Habitats: Mapping flowers and food

Flowers brighten up our learning sites, and food growing is increasingly popular to provide opportunities to learn alongside fresh healthy produce to eat. These activities focus on plants that have been deliberately planted on your site, rather than ones that grow wild.  

Mapping areas of Flowers and food growing is part of the Mapping your site activities, enabling you to explore and map the habitats your site currently offers for nature. Understanding your starting point is really important and will allow you to measure any nature gains you achieve when you start making enhancements to your site. Mapping areas of flowers and food growing is one of eight habitat mapping sessions in this unit of learning.    

Before you start mapping, the introductory activities have been designed to support learners in exploring concepts around cultivated plants and food growing, allowing them to answer the questions in the Flowers and Food Habitat Flowchart.

You can carry out this activity at any time of year, but spring and summer are best. 

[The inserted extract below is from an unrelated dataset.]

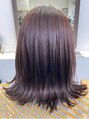 郡山駅前美容室リジョイスヘアの蒲生です☆ ツヤカラーのピンクヴァイオレットブラウンです(*^^*) 伸ばし中で肩につく長さなので、外はねで仕上げてます(^O^)

Getting to know your space

~ 1 hour
KS2
KS3

Preparation

Green skills

  • identification and ecology
  • recording data
  • interpreting data 

What you need

  • Flowers and Food Worksheet - Who Eats What
  • Flowers and Food Habitat Flowchart
  • clipboards
  • drawing materials
  • a tablet, laptop, or desktop PC to access the online Habitat Mapper tool
  • a printed map of your site, if you do not intend to use the Habitat Mapper outdoors

Location

Outdoors 

Useful guidance

Step by step

  1. Give each group (3 or 4 is a good number for this activity) a Who Eats What Worksheet.
  2. Give the group 5 minutes to read the list of plants and encourage them to discuss and circle which are grown as food for people. Emphasise that food grown for people often serves as food for nature as well. Remind learners that there is no right answer, but they must listen carefully to each other to come to a consensus.
  3. Facilitate a discussion comparing answers with the provided answer sheet and encourage exploration of any differences in answers among the groups.  
  4. After completing the activity, head outside to an area of flowers or food growing – where plants have been intentionally planted as opposed to growing wild.  
  5. Learners can use the Flowers and Food Habitat Flowchart to decide which habitats you have. 
  6. On the Habitat Mapper tool, or a printed map of your site, educators and learners work together to draw on these areas of habitat. 
  7. Repeat this for each separate area of flowers and food growing on your site, until you have mapped them all.
  8. If you used a printed map, transfer it all to the Nature Park map using the Habitat Mapper tool back in the classroom. This is a really important step to ensure your site and your observations are part of national community science research.
  9. Return to the Mapping your site page and select the next habitat category you have on site.

Reflection

Ask learners to consider how they know whether these plants were intentionally planted by people or if they are wild, growing on their own. Guide the conversation toward understanding the varying needs of different plants. Ask students to think about how much help each type of plant might require from people to grow successfully. If there are plants that were not planted, encourage learners to think creatively about how these plants might have ended up in their discovery spot.